Scams continued to drive an increase in overall crime in the first half of 2022, when $227.8 million was lost to the top 10 scam types.
Job scams, in particular, topped the list of scam types, with more than 3,500 cases reported and more than $58 million lost, according to Singapore Police Force’s (SPF) statistics.
And out of the $633.3 million lost to scams in Singapore for 2021, almost $25 million was lost by migrant workers.
As of June 2022, the foreign workforce numbers more than 1.3 million of Singapore’s 5.64 million population.

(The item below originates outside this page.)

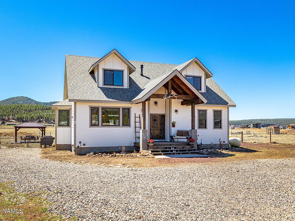 Gorgeous storybook home with views, views, views! This home has been upgraded with custom designer style of French country charm on 2 acres. See the attached list of all of the recent upgrades and improvements, making this property ready for you. This home showcases an entire upper level primary suite has been completely remodeled with a soaking tub, stone tile shower, walk-in closet, picture frame windows, chandeliers, and a corner stove. The main level has an open floor plan kitchen/ living room area, lovely dining nook, two bedrooms, and a remodeled bathroom. Bring your horses and skis and get ready to enjoy the best of Flagstaff country lifestyle. Just minutes from downtown and directly across from Snowbowl skiing and Forest service hiking and biking trails. See all supplement info. 7311 N. Snow Bowl Road - Additional Improvements List 2024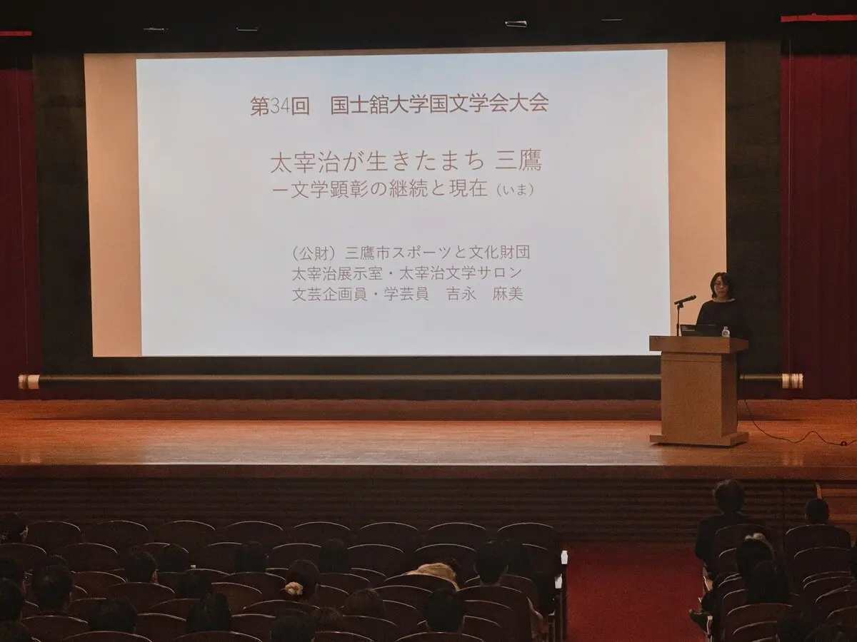 続いて外部から招待した講師による講演が行われました。講演に来ていただいたのは、三鷹市学芸員主査 吉永麻美氏で「太宰治が生きたまち 三鷹 ―― 文学顕彰の継続と現在(いま)」というテーマでお話をしていただきました。

More than half of the 1.3 million foreign workers are migrant domestic workers or work permit holders in the construction, marine shipyard and process sectors.

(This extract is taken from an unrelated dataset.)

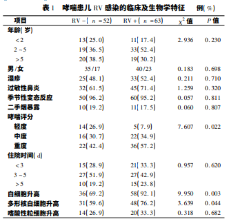 本研 究共納入了 115 例哮喘兒童,有濕疹 58 例( 50. 4% ) ,有過(guò)敏性鼻炎 77 例( 67. 0% ) ,有季節(jié)性變態(tài)反應(yīng) 110 例( 95. 7% ) ; 根據(jù) PAS 評(píng)分有 19 例( 16. 5% ) 患兒為 輕度 哮 喘,38 例 ( 33. 1% ) 患兒為中度哮喘,58 例 ( 50. 4% ) 患兒為重度哮喘。鼻病毒陽(yáng)性( RV + ) 患兒 63 例 ( 54. 8% ) ,鼻 病 毒 陰 性 ( RV - ) 患 兒 52 例 ( 45. 2% ) 。RV + 哮喘患兒與 RV - 哮喘患兒在年齡、 性別、濕疹、過(guò)敏性鼻炎、季節(jié)性變態(tài)反應(yīng)、二手煙暴露 等方面差異無(wú)統(tǒng)計(jì)學(xué)意義( P > 0. 05) 。2 ~ 5 歲兒童 急性哮喘發(fā)作中 RV + 患病率最高,占52. 4% ,< 2 歲 兒童急性哮喘發(fā)作中 RV + 患病率最低,占 17. 4% 。 RV + 哮喘患兒與 RV - 哮喘患兒在哮喘評(píng)分、白細(xì)胞 升高、多形核白細(xì)胞升高等方面差異有有統(tǒng)計(jì)學(xué)意義 ( P < 0. 05) 。見(jiàn)表 1。

This group typically earns the least; migrant domestic workers, on average, earn $600 a month, and construction workers about $800 a month.
With a salary like that, it is only natural for them to want to earn more money.
But NTUC Deputy Secretary-General Desmond Tan said at an International Migrants Day event in 2022: “Migrant workers who come to Singapore to earn a better living for themselves and loved ones back home are often vulnerable to their new environment due to language or cultural barriers.”
To address the growing concern of scams amongst migrant workers, the Migrant Workers’ Centre (MWC) and SPF started a pilot outreach programme in mid-2022.
The programme involves MWC ambassadors, who are migrant workers themselves. These ambassadors go around Little India and Rochor to educate migrant workers on identifying scams and navigating online platforms safely.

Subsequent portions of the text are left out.